* _EXERCISE PROMPT_
Exactly the lines from the one with "MOQ:5pcs GSSO3625 pre-order" through the final line of the entries, and nothing else, should appear in the answer; no pictures go in it.

※ ※ ※

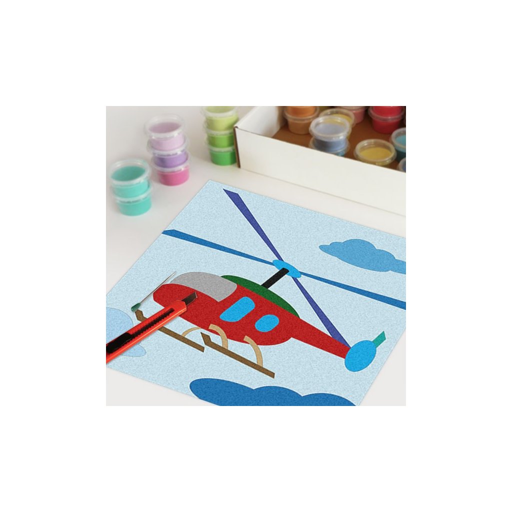 Obrázky vysypávané pískem je kreativní tvoření, které zaujme všechny generace svou jednoduchostí a nepřeberným množstvím barevných variant. Tvoření rozvíjí fantazii, barevné cítění a procvičuje jemnou motoriku prstů. Činnost může působit na uvolnění mysli, meditativně nebo relaxačně. Při tvoření v kolektivu působí pozitivně na týmový duch.Doplňkové parametry
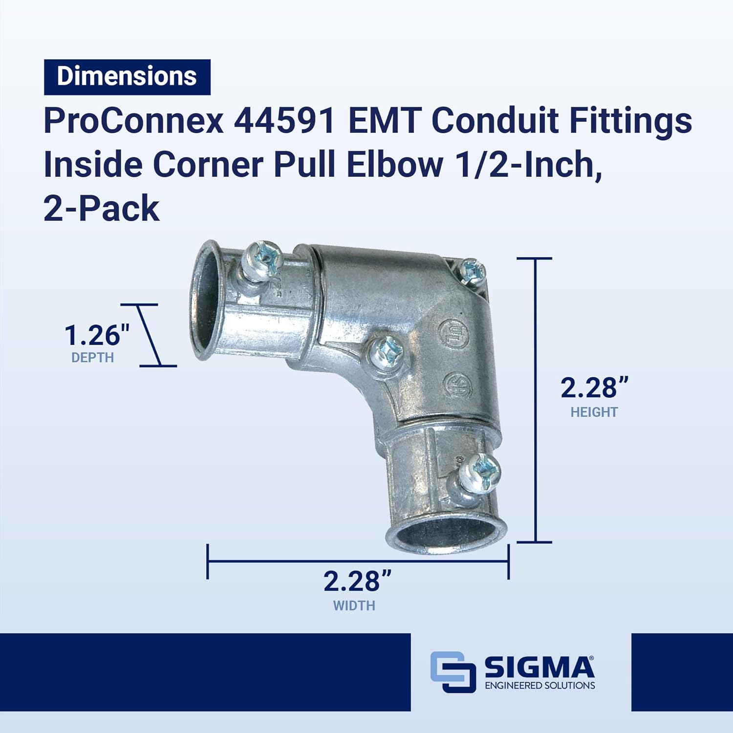 Elevate your electrical installations with the Sigma Engineered Solutions ProConnex 44591 EMT Conduit Fittings Inside Corner Pull Elbow 1/2-Inch, a reliable solution for your electrical conduit connections. This 2-pack of inside corner pull elbows seamlessly connects two lengths of 1/2-inch EMT conduit at a precise 90-degree angle, making it perfect for navigating tight turns in areas with limited space. The set screw type design with a removable cover ensures secure installation while allowing for easy adjustments or modifications as needed. These fittings are approved for concrete-tight applications when properly taped, providing added reliability and safety. Crafted from durable zinc die-cast construction, these pull elbows guarantee long-lasting performance and dependable functionality for your electrical projects.
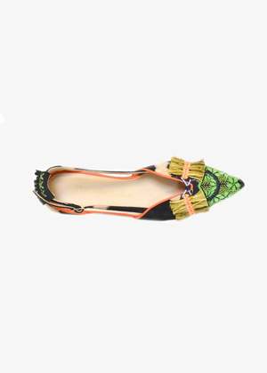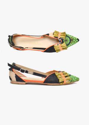 The Greta Slingback by Meher Kakalia is a low, handmade point slingback shoe featuring precious hand embroidery created with fine metal coils and beading. The upper is crafted from tie dye suede leather with hand embroidered tip and recycled plastic raffia detailing, offering a sense of fun and texture. Lined with goat leather and finished with a cow leather sole and a 2-part rubber outer for durability. Fits true to size.
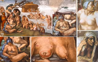 Las comparaciones con otras obras de Miguel Ángel revelan que, por supuesto, era bastante capaz de representar el pecho femenino sano. En las figuras femeninas de "El Juicio Final" y en esculturas como "Amanecer" y "Noche" de la Capilla de los Médici, los senos están representados con una simetría libre de signos patológicos, lo que refuerza la idea de que las anomalías en "El Diluvio" fueron deliberadas.
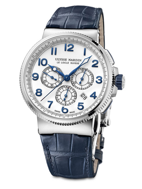征服海洋、體現航海精神的魅力時計獨創航海計時碼錶Marine Chronograph Manufacture,復古的三眼計時面盤設計重現航海儀器的美感:直徑43毫米的面盤搭配阿拉伯數字時標,讀時更清晰,並增添運動感,纖細的特色時分秒針,為錶款注入優雅氛圍;錢幣紋錶圈及旋入式錶冠,保証完美防水性能,完整面盤線條;鈦金屬與不銹鋼結合錶殼、厚實的錶耳增加手錶存在感與絕對的金屬剛強質感。
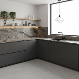 Pracovná doska EGGER Mramor Cipollino Šedý (F093 ST15) prináša do interiéru eleganciu pravého mramoru v modernom sivom odtieni. Povrch s jemnou kresbou a realistickou štruktúrou ST15 Smoothtouch Velvet dokonale napodobňuje prirodzený kameň, pričom si zachováva praktickosť a odolnosť laminátového povrchu.
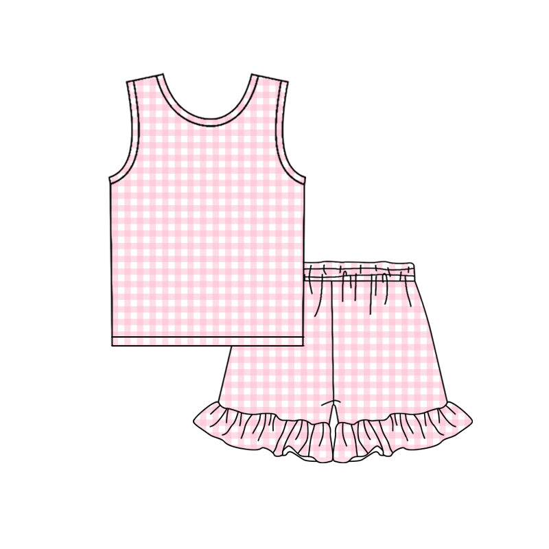 MOQ:5pcs GSSO3625 pre-order baby girl clothes pink gingham print toddler girl summer outfit-2026.3.21
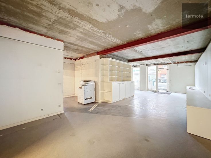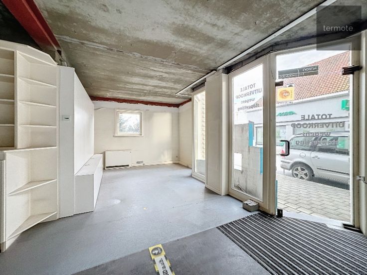 Vooraan handelsruimte van 75m² (10m60 diep x 7m50 breed) met inbouwkasten, bureel, toilet en etalage
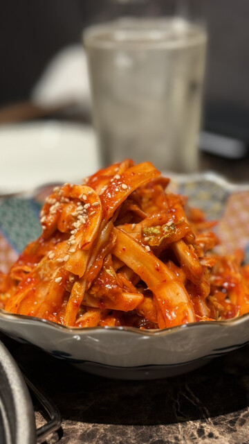 それだけじゃ無い、最初に出てきたもやしナムル、クリームチーズキムチ、浅漬け白菜キムチもバチバチに白米が進む味
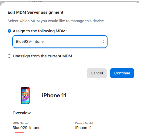 2. Reassign the device to the Intune MDM server in ABM. Select the device and click on edit MDM server. Assign it to company MDM server.
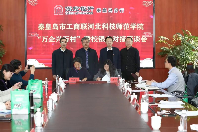 2023年12月12日,我校与秦皇岛市工商业联合会在保定银行秦皇岛分行会议室举办“万企兴万村”校银企对接座谈会,并签署了战略合作协议。副校长杨越冬,秦皇岛市工商联主席王秀红,秦皇岛市工商联三级调研员林荣忱,秦皇岛市工商联经济联络处处长高宝奇,保定银行秦皇岛分行副行长李哲然,秦皇岛市十家企业代表出席了签约仪式。我校乡村振兴研究中心负责人及相关专家参加活动。

※ ※ ※

* _EXERCISE ANSWER_
 MOQ:5pcs GSSO3625 pre-order baby girl clothes pink gingham print toddler girl summer outfit-2026.3.21
 Vooraan handelsruimte van 75m² (10m60 diep x 7m50 breed) met inbouwkasten, bureel, toilet en etalage
 それだけじゃ無い、最初に出てきたもやしナムル、クリームチーズキムチ、浅漬け白菜キムチもバチバチに白米が進む味
 2. Reassign the device to the Intune MDM server in ABM. Select the device and click on edit MDM server. Assign it to company MDM server.
 2023年12月12日,我校与秦皇岛市工商业联合会在保定银行秦皇岛分行会议室举办“万企兴万村”校银企对接座谈会,并签署了战略合作协议。副校长杨越冬,秦皇岛市工商联主席王秀红,秦皇岛市工商联三级调研员林荣忱,秦皇岛市工商联经济联络处处长高宝奇,保定银行秦皇岛分行副行长李哲然,秦皇岛市十家企业代表出席了签约仪式。我校乡村振兴研究中心负责人及相关专家参加活动。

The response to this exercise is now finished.